2023/07/20
高校生のとき、遠藤周作の小説に夢中になりました。きっかけは、従姉から「不憫でならない」と手渡された『女の一生 一部・キクの場合』です。本書は、長崎が舞台で、幕末から明治のキリシタン弾圧の話です。それまで読んだ本にはない、人間の汚さ、狡さが描かれ、しかし真摯さや信念もあって衝撃を受けました。それから二部・サチ子の場合を読み、『沈黙』、『わたしが・棄てた・女』、『彼の生きかた』、『深い河』など読み漁りました。
本書を読んで5,6年後、芸術新潮で「遠藤周作『沈黙』のふるさと 長崎 切支丹ジャーニー」という特集がありました。遠藤周作ファンの友人と長崎を訪れ、芸術新潮を頼りに小説の舞台や遠藤周作のゆかりの場所を回りました。外海町(現・長崎市)の遠藤周作文学館も行きました。そこで触れた遠藤周作の日本におけるキリスト教信仰の深慮と、文学館から観えた外海町の海を、いまでも鮮明に憶えています。

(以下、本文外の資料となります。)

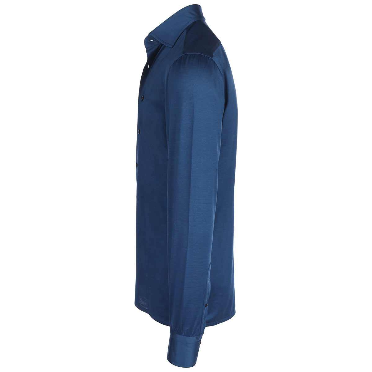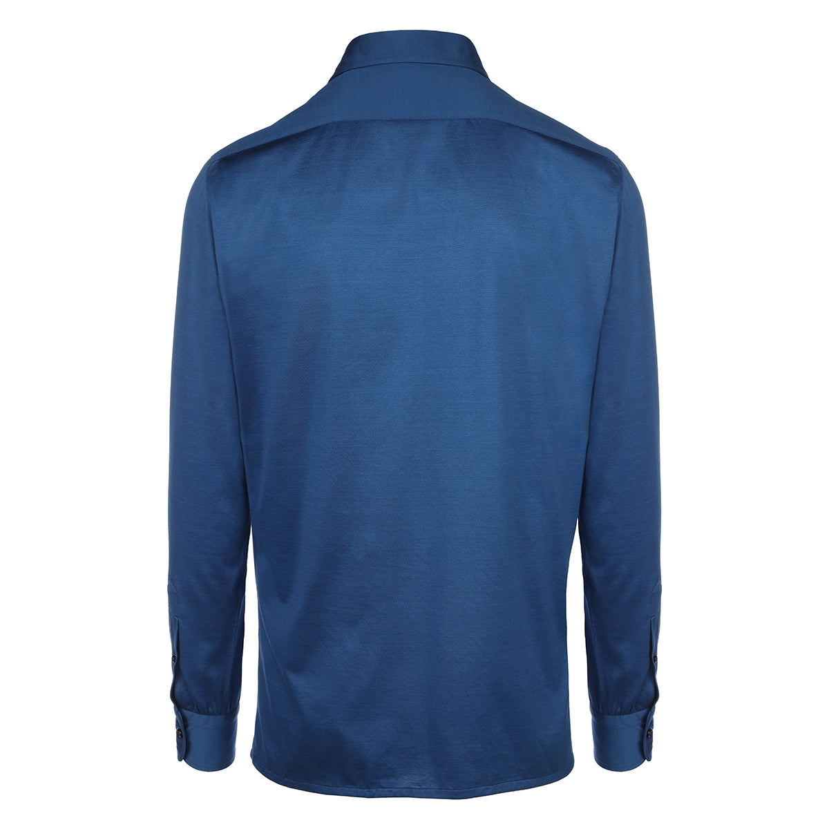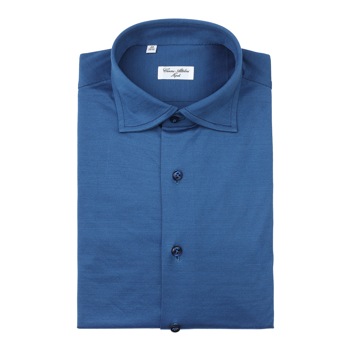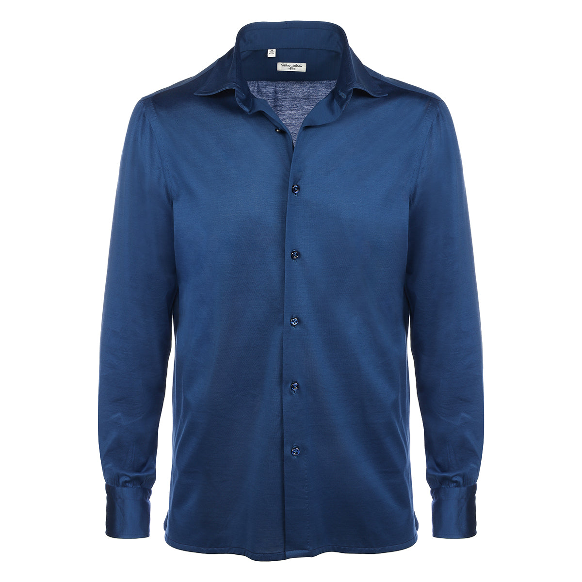 Blue jersey cotton shirt. Entirely cut and sewn by hand by the skilled hands of our shirt-makers in our workshop. An ideal shirt to create a leisure look and ensuring comfort without compromising elegance.

当時は、研究者になるとは露程にも思っていませんでした。いま思えば、心深くに響いた本が動機になって、小説の舞台と作家の足跡をたどる旅をしたという点で、本書は私の研究の礎と言えるかもしれません。今年は、折しも遠藤周作の生誕100年にあたります。私にとっても、この記事の依頼を受け、改めて研究の初心を思い出す年になったと思います。